Can I Protect The Equity For My Beneficiaries?
This will depend on the type of equity release plan. With a roll-up lifetime mortgage the nature of the scheme will result in the balance increasing over time, as interest compounds. Therefore, the net equity remaining will reduce & theoretically could erode all the beneficiaries inheritance. However, even if the balance exceeds the value of the property at death, or on moving into long term care, the no negative equity guarantee kicks in which will ensure the beneficiaries can never end up owing more than the value of the house.
However, this does not guarantee any equity will be passed onto the heirs, only that they will incur no debt. Therefore, by repaying some or all of the interest will ensure the restriction of the compounding effect of the balance. This can therefore help maintain a level equity release balance. Keeping the balance level & hopefully the property value either remaining level or hopefully increasing in the future, will ensure the beneficiaries will receive some inheritance.

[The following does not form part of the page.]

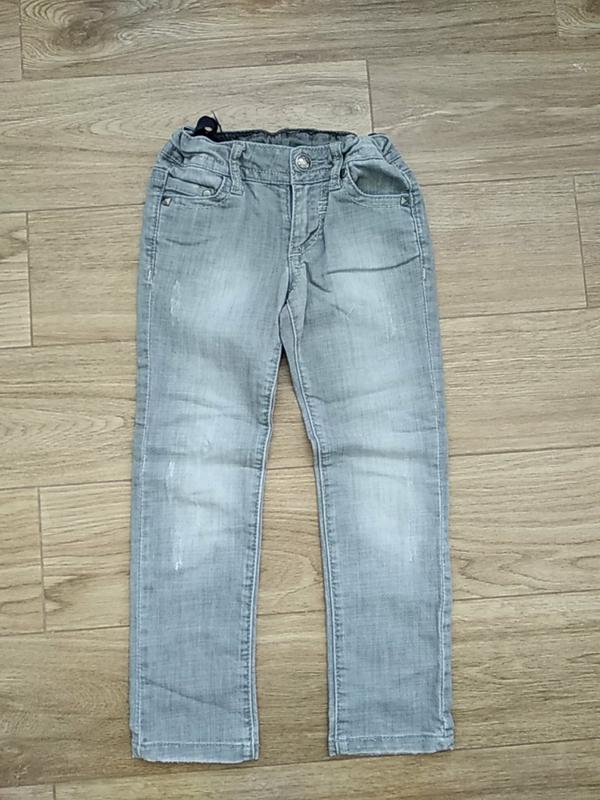 джинсові,сірі,р. 110,(4-6л) з кишенями,на поясі регулюється гумка довжина по боці 67,5 см довжина по внутрішньому шву 51см піт 29см побіди 35,5 см
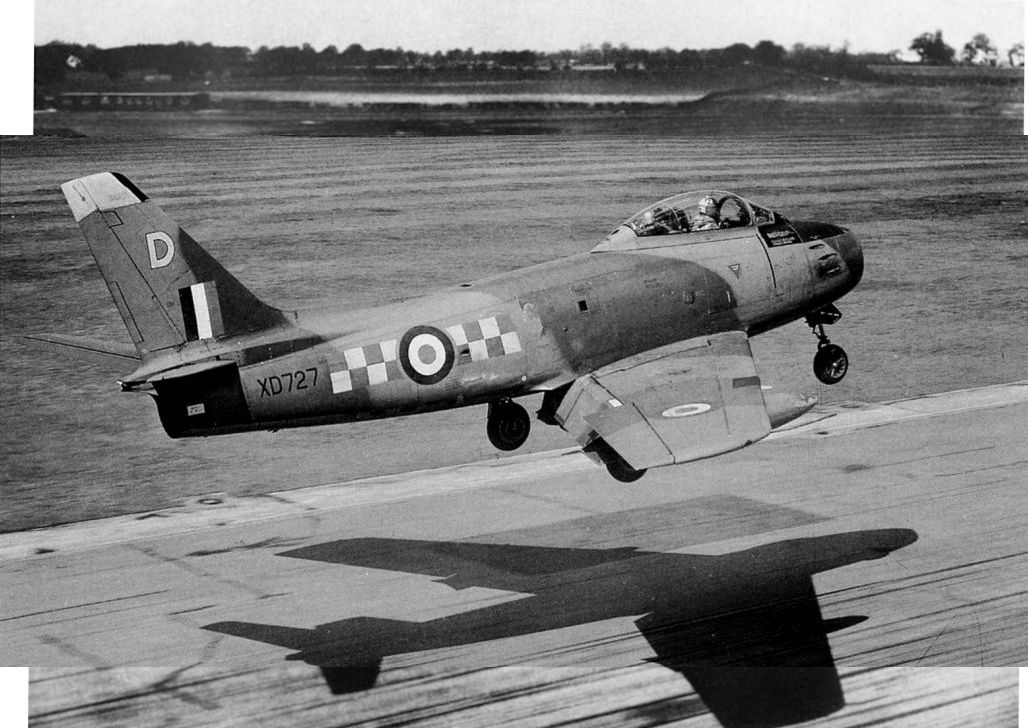 Canadair Sabre F.4 XD727 of 92 Squadron RAF, Linton-on-Ouse, was one of the last Sabres in Fighter Command when this picture was taken in 1956. All of the RAF Sabres were flown to England by No 1 Long Range Ferry Unit, Transport Command, between December 8, 1952, and December 19, 1953.Самолёты на фотографии: Canadair CL-13 Sabre - Канада - 1950

Another way that lifetime mortgage plans can secure the equity in the property is by the inclusion of a protected equity guarantee which certain lifetime mortgage companies now provide. This protected equity guarantee needs to included from the outset of the plan by stating how much of the property value you wish to retain at the end of the day. This can restrict the size of the initial release as the lender needs to cover the guarantee at the end of the day.
Finally, home reversion plans truly guarantee an inheritance by the nature of the scheme. By selling a percentage of the property to the reversion company will ensure that the unsold portion will always remain theirs & ultimately their beneficiaries. Therefore, if 40% of the property was sold to raise a lump sum, the remaining 60% would be guaranteed to be passed to the heirs to the property.